What is the connection between the Human Rights Act 1998, the Crime and Disorder Act 1998 and Tom Jones? NO, this is not to do with changes in the law since novelist Henry Fielding worked as a magistrate among the criminalized poor of eighteenth century London, nor is it to do with the rights and wrongs of throwing your underwear at your favourite singer. This is to do with a Number One Christmas hit, the Green Green Grass of Home, and the abolition of the death penalty.
The green of the grass, Mary’s hair of gold and lips like cherries … so far, so Christmassy. Green, red and gold evoke holly and ivy, berries and the Magi’s gifts, and returning home to the family home, particularly a Welsh family home, is a Christmas theme. The nostalgia draws us in, but there is a sting in the tail (or rather tale), signalled by the shift from song to spoken word, when we realise that it is about a condemned man, waiting for the guard and the ‘padre’ to take him to his execution. Christmas carols are not all cheerful either. The Sans Day Carol and the Holly and the Ivy associate red berries with blood, and the gold of kingship comes with myrrh, a reminder of death. Nevertheless, this was a strange song to be top of the pops at Christmas 1966.
For where is the scene set? Logic suggests not in England or Wales, as the death penalty here was suspended in 1965 under The Murder (Abolition of Death Penalty) Act. The Act was the result of a Private Members’ bill, brought by Sydney Silverman MP, and in 1969, the abolition was made permanent.
And how does what happened in the 1960s connect with two acts of Parliament in 1998? After 1969, the death penalty still remained a sentencing option in convictions for high treason and piracy with violence, and was only finally removed on 30 September 1998 by s.36 of the Crime and Disorder Act. This was necessary because the Human Rights Act 1998 incorporated the rights set out in the European Convention on Human Rights into British domestic law, and Protocol 13 of the Convention bans the death penalty in all circumstances, including for crimes committed in times of war and imminent threat of war.

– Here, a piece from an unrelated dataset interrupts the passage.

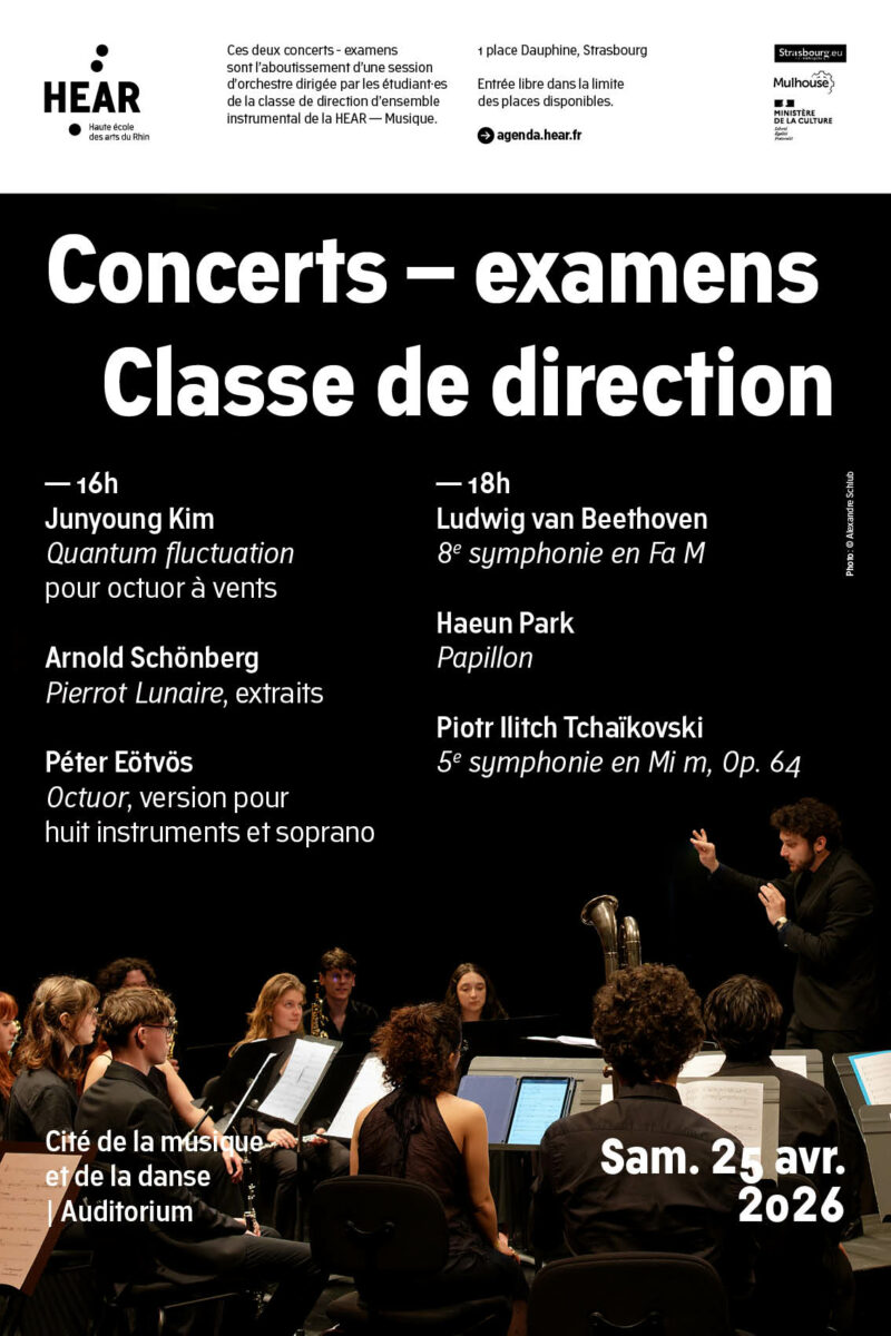Ces deux concerts-examens sont l’aboutissement d’une session d’orchestre dirigée par les étudiant·es de la HEAR-Musique de la classe de direction d’ensemble instrumental

But there are many countries that the Convention doesn’t reach, and Amnesty International’s Review of the Death Penalty Worldwide makes shocking reading. Although, according to Amnesty, 102 countries had completely abolished the death penalty by the end of last year, there are still many parts of the world where Tom Jones’ prisoner could be awaiting execution, The Christmas story with the ensuing flight into Egypt tells of homeless and exile, and foretells death, so perhaps the Green Green Grass of Home was not such an inappropriate Christmas Number One in 1966 after all, and sadly, would not be inappropriate today either.